Top of EXTRACTED INFORMATION

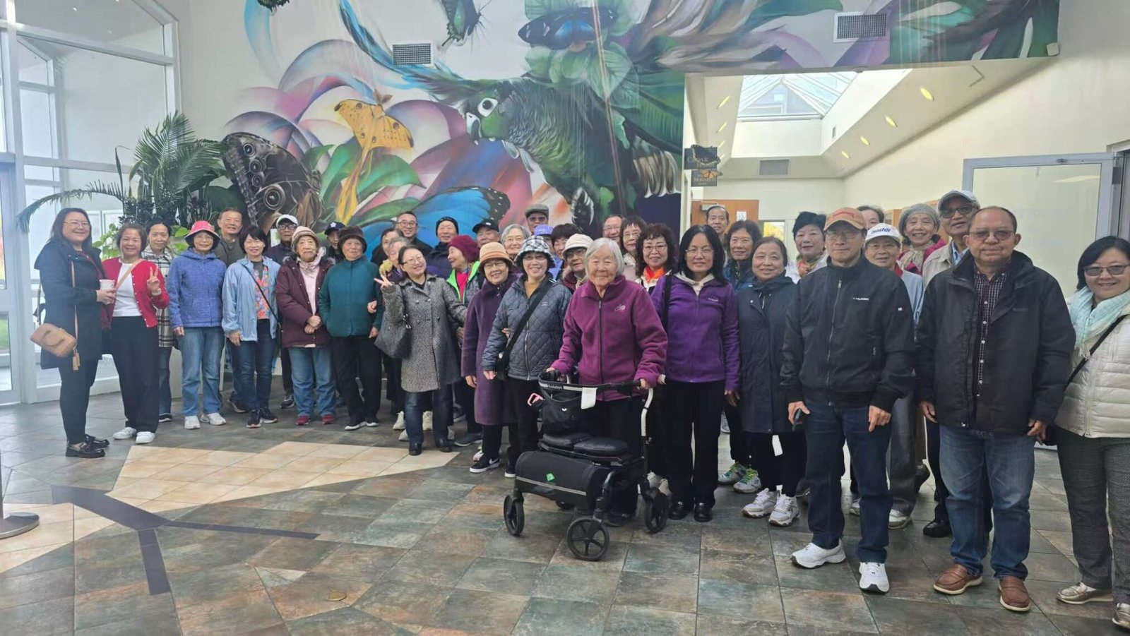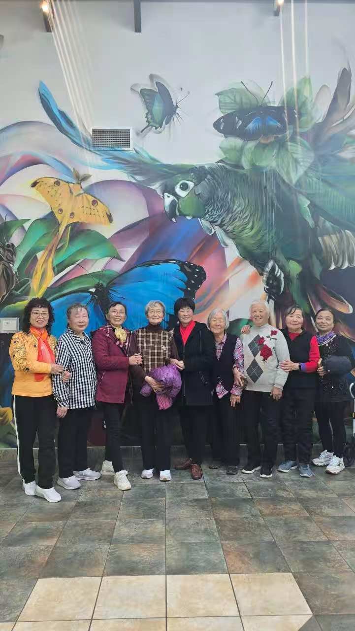 通知一经发出,常青群里顿时就热闹起来了。大家相互转告,争相报名。很快,一只由年愈花甲的老朋友为主体的蝴蝶馆探秘队和美食好吃团就宣告成立了!华协会会长 Sharon 担任领队,副会长Molly 等4人为当天的义工。
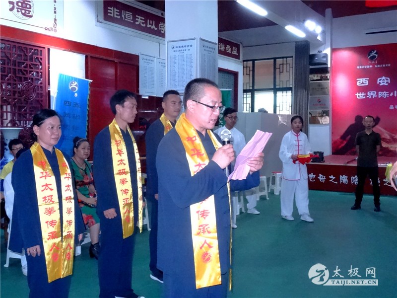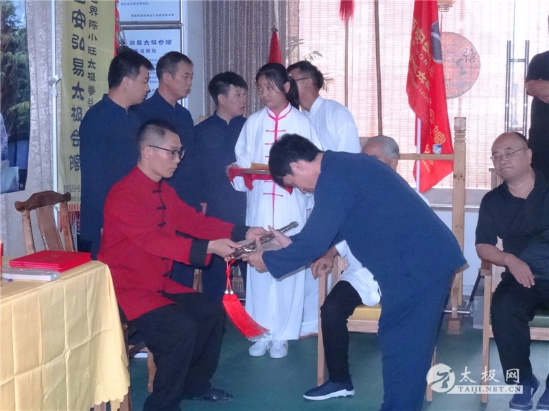 (太极网讯)古城西安,被武林誉为“小陈沟”,习武之风颇浓。太极拳,流派纷呈百家争鸣,更是名家好手辈出,依托深厚的武术文化氛围和土壤,太极拳的传承在这里延续生长。 见证人职承禹、张建文、洪斌,嘉宾代表郭铭科(从左至右) 8月5日,太极拳名家职永成收徒仪式于西安举行,刘乾、郭景周、马秀忠、谭红、韦荣建、等五名太极拳爱好者通过传统拜师仪式正式拜入职永成老师门下,成为陈式太极拳传承人。太极网创始人、温县太极拳传承人联合会主席刘洪奇先生应邀出席活动并担任仪式主持人和见证人。 收徒仪式遵循传统,职承禹、刘洪奇、张建文、洪斌等嘉宾担任本次仪式的见证人,应邀出席活动的嘉宾还有郭铭科、李英等,职永成弟子郭延涛、吴信祖到场观礼。 太极网创始人刘洪奇主持仪式 主持人刘洪奇宣布仪式开始后,全体嘉宾入座,见证人介绍拜师弟子。 职永成向历代太极拳先贤敬香祭酒,以告收徒传承再续薪火。拜师仪式简洁庄重,新入门弟子依次上前递交拜师帖、虔诚跪拜叩首并向师父师母敬茶行礼。师父回帖,师母回赠太极服。 ![]() 新弟子刘乾、谭红、郭景周、马秀忠、韦荣建(从左至右) 老弟子郭延涛、新弟子刘乾分别代表发言。郭延涛对新入门师兄弟表示欢迎,希望大家精诚团结,互相学习,共同弘扬师门、弘扬太极拳。刘乾表示非常荣幸拜入师门成为太极拳传承人,拜师增强了太极传承和使命感,后续会继续努力深造,为太极拳的传承和传播不懈努力。 职承禹老师讲话 刘洪奇表示,职永成师从太极拳发源地陈家沟,精通陈氏太极拳大小架,职老师德艺双馨、为人低调谦逊,是太极良师。祝贺新弟子拜师成功,希望大家有传承和传播太极拳的责任担当,做合格的太极拳传承人。 表演 职永成老师对参加收徒仪式的嘉宾表示感谢。职永成说,感谢弟子们的信任,结下师徒情谊,对自己同时对弟子都有了要求,太极拳的传承和传播要更加严格地严于律己,大家携起手来共同为国粹太极拳的传播发展贡献力量。 ![]() 集体合影 太极档案: 职永成,1969年6月出生,男,河南温县人。陈氏太极拳大架第十二代传人,师承陈小旺。陈氏太极拳小架第十三代传人,师承陈永福。中华太极拳传承人,国家武术六段,国家二级裁判员,国家武术段位指导员,国家武术段位考评员,中国温县国际太极拳年会名师,中国武术协会会员,陕西省武术协会会员,西安市武协会员,陕西省太极拳一级辅导员,西安太极拳小架协会副会长,西安陈氏太极拳传承人联合会副会长,现任西安弘易太极会馆馆长兼总教练、世界陈小旺太极拳总会西安分会会长、西安市莲湖区武协副主席。 责编:太极网小珂 |
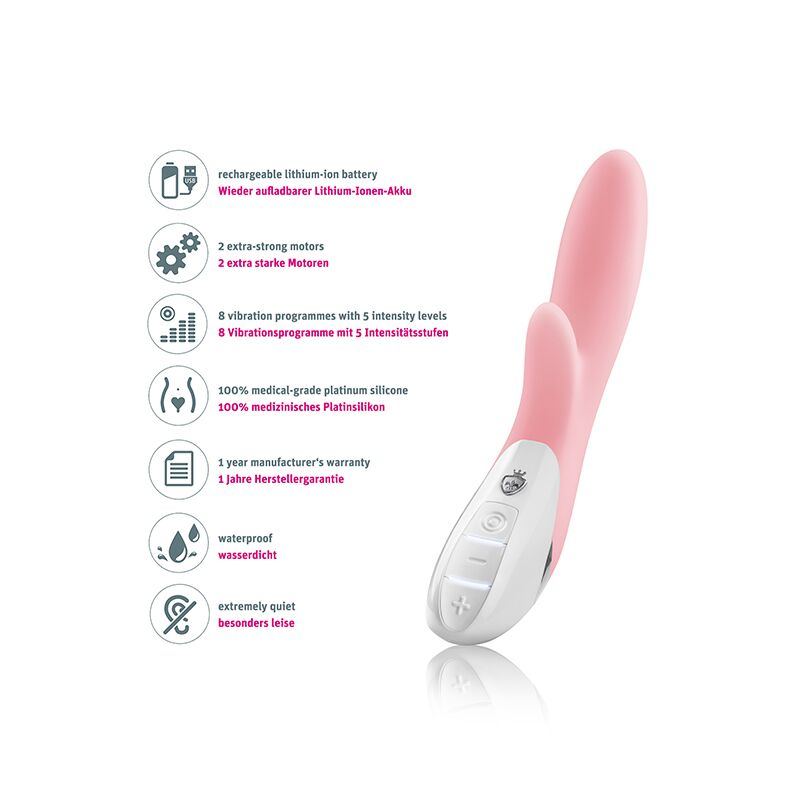 Акуратний вібратор невеликого діаметра завжди готовий вас розважити! Обирайте те, чого бажаєте саме зараз: хтивого задоволення, розтягнутого на години, або потужного вибухового оргазму. Два двигуни - в робочій частині і у відростку - працюватимуть по черзі або одночасно в 8 захоплюючих програмах вібрації та 5 варіантах інтенсивності. Робота вібратора потужна, але абсолютно тиха: вас нічого не видасть, крім стогону насолоди…
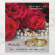Etiqueta de vinho romântico com anéis de casamento num fundo de rosas vermelhas com pérolas. Bonita como um favor de casamento ou para perguntar a sua mulher como amigas se elas serão suas madrinhas.
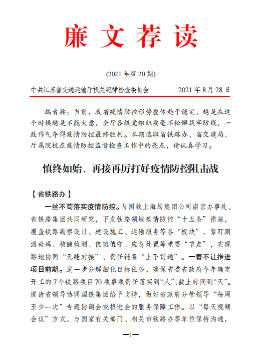 2021年廉文薦讀第20期——慎終如始、再接再厲打好疫情防控阻擊戰(zhàn)
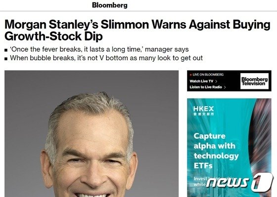월가의 유명 투자은행인 모간스탠리가 최근 급락하고 있는 기술주를 저가 매수하지 말라고 충고했다고 블룸버그통신이 23일(현지시간) 보도했다.
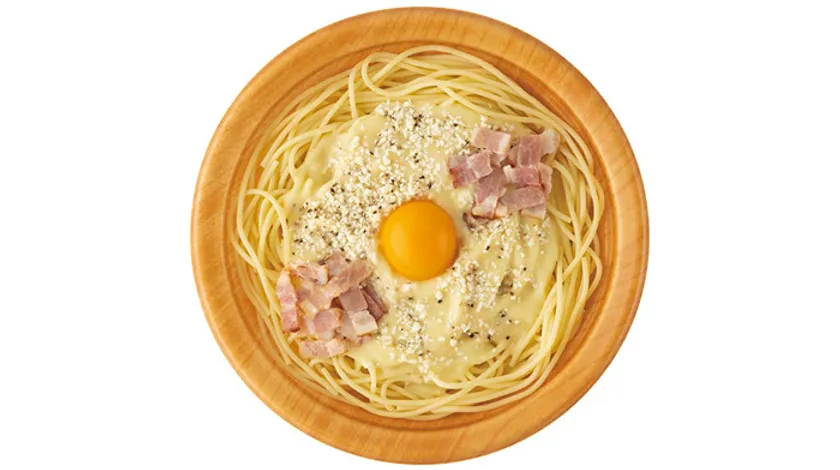 濃厚なミルク仕立てのカルボナーラソースと香りのよいパルメザンチーズを麺に絡め、卵黄とベーコンをトッピング。ブラックペッパーの香りもポイント!
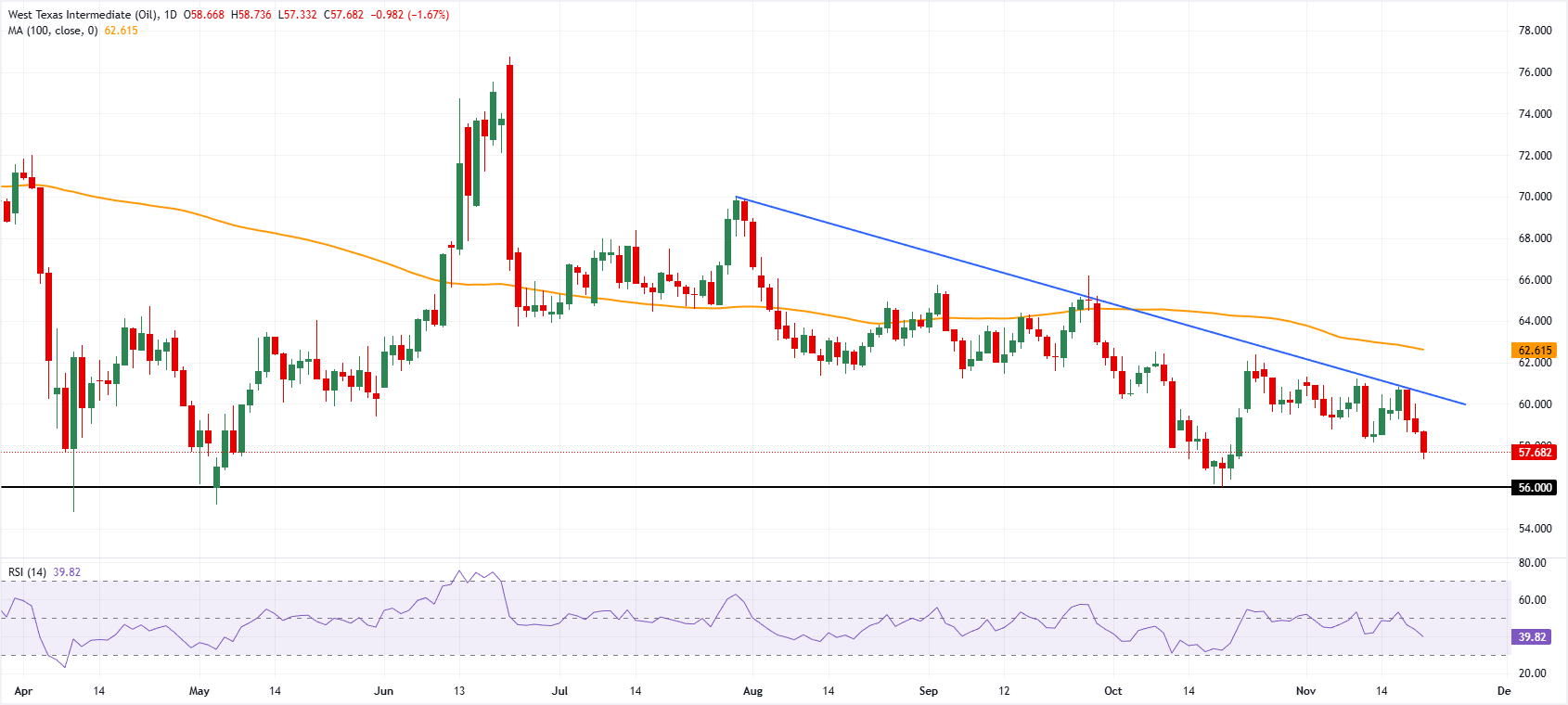 在日缐图中,WTI美国原油交易价格為57.68美元。100日简单移动平均缐(SMA)继续向下倾斜,价格保持在其下方,维持看跌偏向。相对强弱指数(RSI)降至39.82,低于50中缐,表明动能疲软。水平缐在56.00美元附近提供支撑,跌破该水平将暴露进一步下行空间。

Bottom of EXTRACTED INFORMATION

_TASK BRIEF_
Print the line above containing "Etiqueta de vinho", the line containing "월가의 유명 투자은행인", and everything between them, exactly as written. Pictures stay out.

_WORKED SOLUTION_
Etiqueta de vinho romântico com anéis de casamento num fundo de rosas vermelhas com pérolas. Bonita como um favor de casamento ou para perguntar a sua mulher como amigas se elas serão suas madrinhas.
 2021年廉文薦讀第20期——慎終如始、再接再厲打好疫情防控阻擊戰(zhàn)
월가의 유명 투자은행인 모간스탠리가 최근 급락하고 있는 기술주를 저가 매수하지 말라고 충고했다고 블룸버그통신이 23일(현지시간) 보도했다.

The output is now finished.